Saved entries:
Segment Open
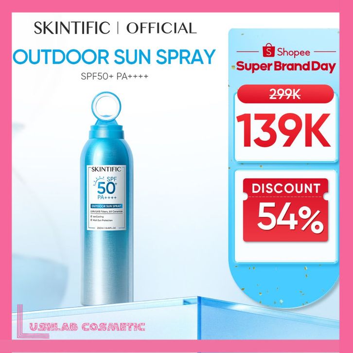 SKINTIFIC Outdoor Sunscreen Spray SPF 50 PA 250ml UV Mist Tone Up Sun Shield Sunscreen Whitening Glowing
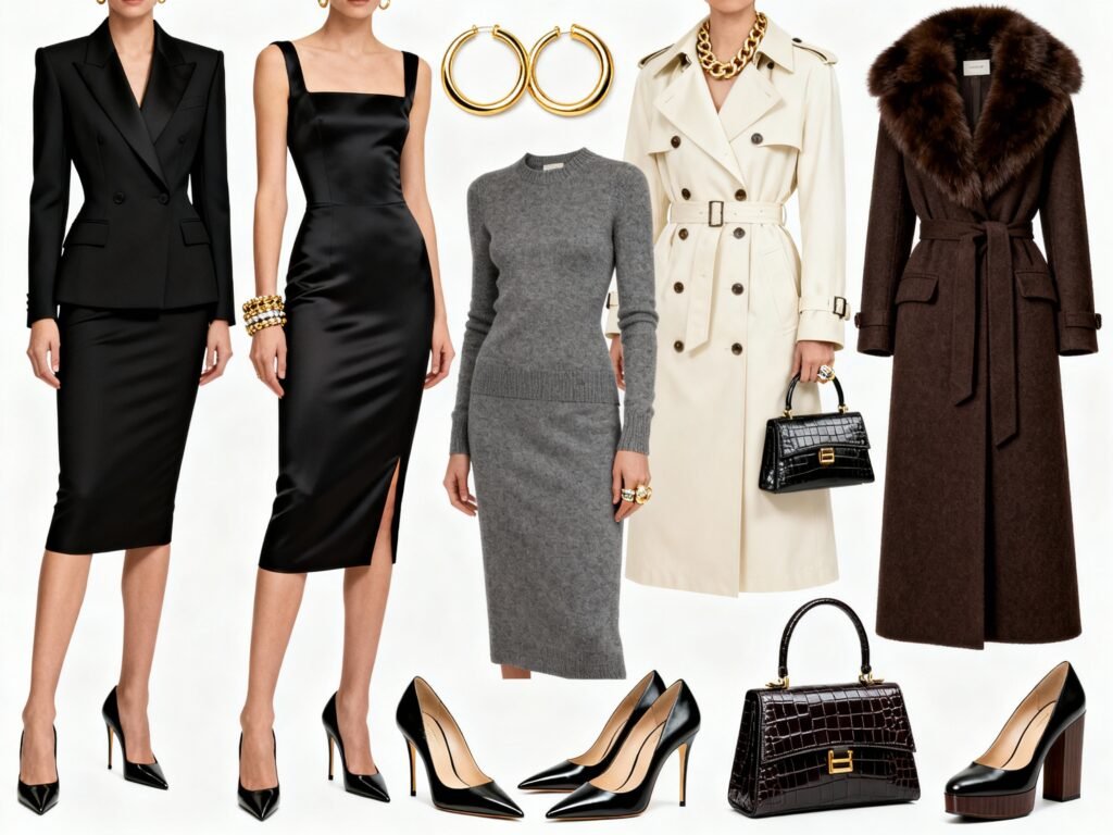 Think clean lines, sharp tailoring, ultra-feminine silhouettes, and accessories that look expensive and slightly intimidating. The formula? Structure + sensuality + luxury. No one piece screams; the whole look purrs.
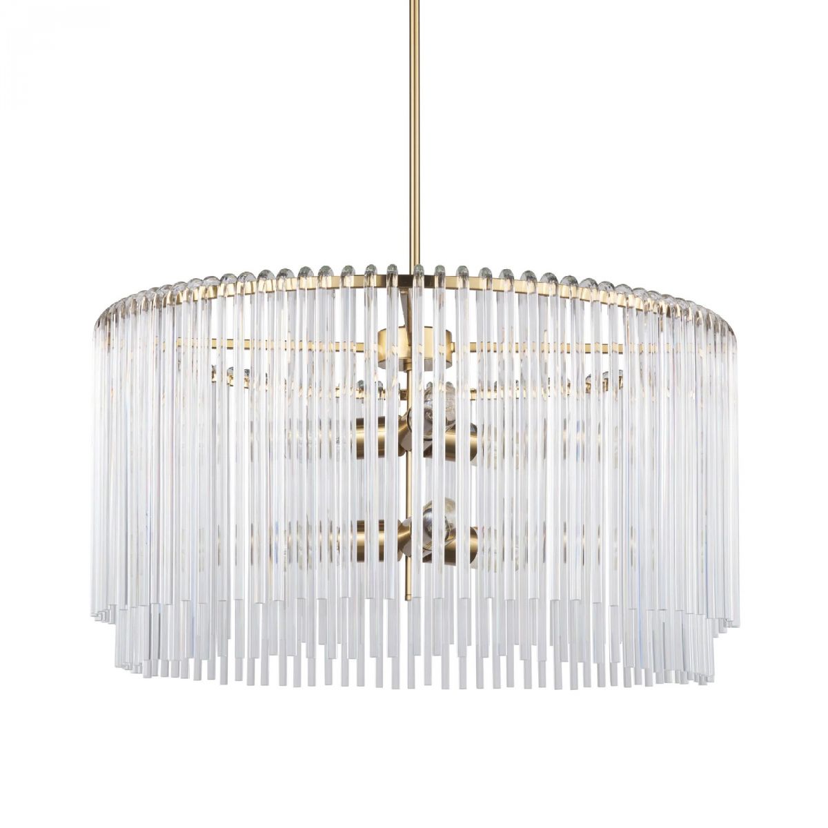 The Elsa 6-light gold & glass chandelier features a electroplated antique brass chasis and frosted hanging glass rods that will be sure to add a glamorous touch to your home.
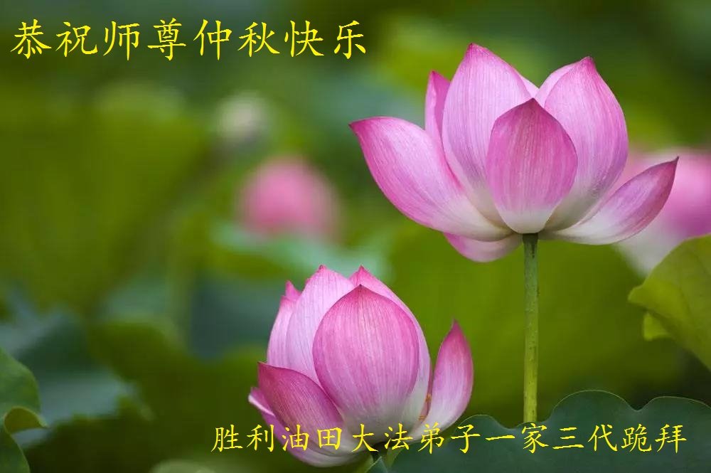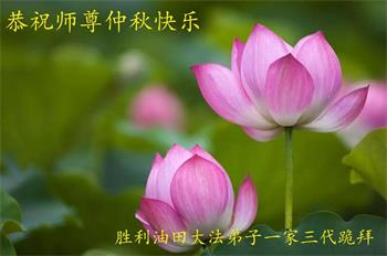 山東、勝利油田大法弟子一家三代人恭祝師尊中秋節快樂!
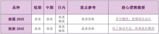 备注: 1.有夜盘的品种以夜盘收盘价为起始价格,无夜盘的品种以昨日收盘价为起始价格,当日日盘收盘价为终点价格,计算涨跌幅度。 2.跌幅大于 1%为弱势,跌幅 0~1%为震荡偏弱,涨幅 0~1%为震荡偏强,涨幅大于 1%为强势。 3.震荡偏强/偏弱只针对日内观点,短期和中期不做区分。 ◼ 主要品种价格行情驱动逻辑—商品期货黑色板块 品种:焦煤(JM) 日内观点:震荡偏强 中期观点:震荡 参考观点:震荡思路 核心逻辑:截至 12 月 26 日当周,全国 523 家炼焦煤矿精煤日均产量 74 万吨,环比下降 1.8 万吨,同比偏低 2 万吨;焦化厂和钢厂焦炭日均产量 109.47 万吨,周环比小幅下降 0.02 万吨。进口方面,12 月截至 20 日,288 口岸累计蒙煤通关 26498 车,环比 11 月的高基数进一步增长23.0%,蒙煤高进口对国内煤价形成压制。供应整体持稳,需求维持低位,焦煤供需格局中性仍偏宽松,使得产业链各环节焦煤均有所累库。整体来看,焦煤基本面无明显利好,但元旦后下游冬储和复产预期给煤价带来一定支持,叠加动力煤持续下跌或引发新一轮供应调节措施,可关注政策端以及下游情况。(仅供参考,不构成任何投资建议) 品种:焦炭(J) 日内观点:震荡偏强 中期观点:震荡 参考观点:震荡思路 核心逻辑:截至 12 月 26 日当周,全样本独立焦化厂和钢厂焦化厂合计焦炭日产量 109.47 万吨,周环比基本持平,小幅下降 0.02 万吨/天;全国 247 家钢厂日均铁水产量 226.58 万吨,焦炭供需均在低位企稳,基本面无明显好转。整体来看,焦炭短期基本面依然疲弱,但需求端预期有所好转,市场多空僵持,期货主力合约暂维持低位震荡运行,关注后续下游生产和采购节奏。(仅供参考,不构成任何投资建议) 责任编辑:七禾小编 |
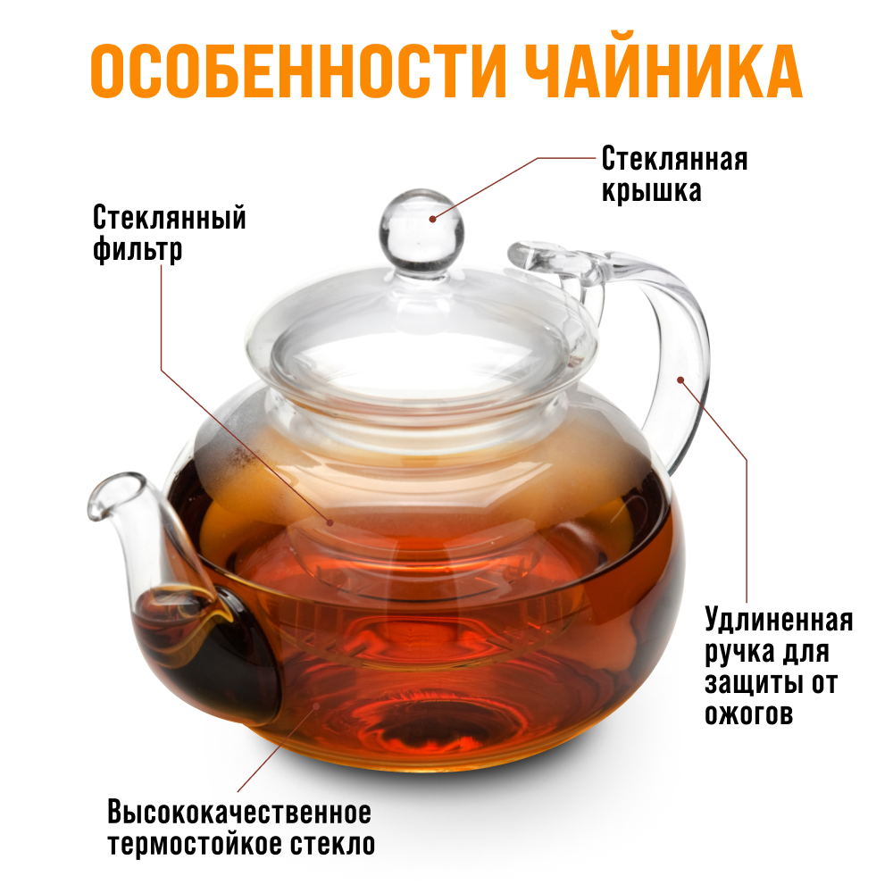 Чайник заварочный стекло 650мл с/кр МВ, 24939
Segment Closed
» ABOUT THIS TASK
Set the records down again exactly as given, and leave the pictures out.

» ANSWER TO THE PROBLEM
 SKINTIFIC Outdoor Sunscreen Spray SPF 50 PA 250ml UV Mist Tone Up Sun Shield Sunscreen Whitening Glowing
 Think clean lines, sharp tailoring, ultra-feminine silhouettes, and accessories that look expensive and slightly intimidating. The formula? Structure + sensuality + luxury. No one piece screams; the whole look purrs.
 The Elsa 6-light gold & glass chandelier features a electroplated antique brass chasis and frosted hanging glass rods that will be sure to add a glamorous touch to your home.
 山東、勝利油田大法弟子一家三代人恭祝師尊中秋節快樂!
 备注: 1.有夜盘的品种以夜盘收盘价为起始价格,无夜盘的品种以昨日收盘价为起始价格,当日日盘收盘价为终点价格,计算涨跌幅度。 2.跌幅大于 1%为弱势,跌幅 0~1%为震荡偏弱,涨幅 0~1%为震荡偏强,涨幅大于 1%为强势。 3.震荡偏强/偏弱只针对日内观点,短期和中期不做区分。 ◼ 主要品种价格行情驱动逻辑—商品期货黑色板块 品种:焦煤(JM) 日内观点:震荡偏强 中期观点:震荡 参考观点:震荡思路 核心逻辑:截至 12 月 26 日当周,全国 523 家炼焦煤矿精煤日均产量 74 万吨,环比下降 1.8 万吨,同比偏低 2 万吨;焦化厂和钢厂焦炭日均产量 109.47 万吨,周环比小幅下降 0.02 万吨。进口方面,12 月截至 20 日,288 口岸累计蒙煤通关 26498 车,环比 11 月的高基数进一步增长23.0%,蒙煤高进口对国内煤价形成压制。供应整体持稳,需求维持低位,焦煤供需格局中性仍偏宽松,使得产业链各环节焦煤均有所累库。整体来看,焦煤基本面无明显利好,但元旦后下游冬储和复产预期给煤价带来一定支持,叠加动力煤持续下跌或引发新一轮供应调节措施,可关注政策端以及下游情况。(仅供参考,不构成任何投资建议) 品种:焦炭(J) 日内观点:震荡偏强 中期观点:震荡 参考观点:震荡思路 核心逻辑:截至 12 月 26 日当周,全样本独立焦化厂和钢厂焦化厂合计焦炭日产量 109.47 万吨,周环比基本持平,小幅下降 0.02 万吨/天;全国 247 家钢厂日均铁水产量 226.58 万吨,焦炭供需均在低位企稳,基本面无明显好转。整体来看,焦炭短期基本面依然疲弱,但需求端预期有所好转,市场多空僵持,期货主力合约暂维持低位震荡运行,关注后续下游生产和采购节奏。(仅供参考,不构成任何投资建议) 责任编辑:七禾小编 |
 Чайник заварочный стекло 650мл с/кр МВ, 24939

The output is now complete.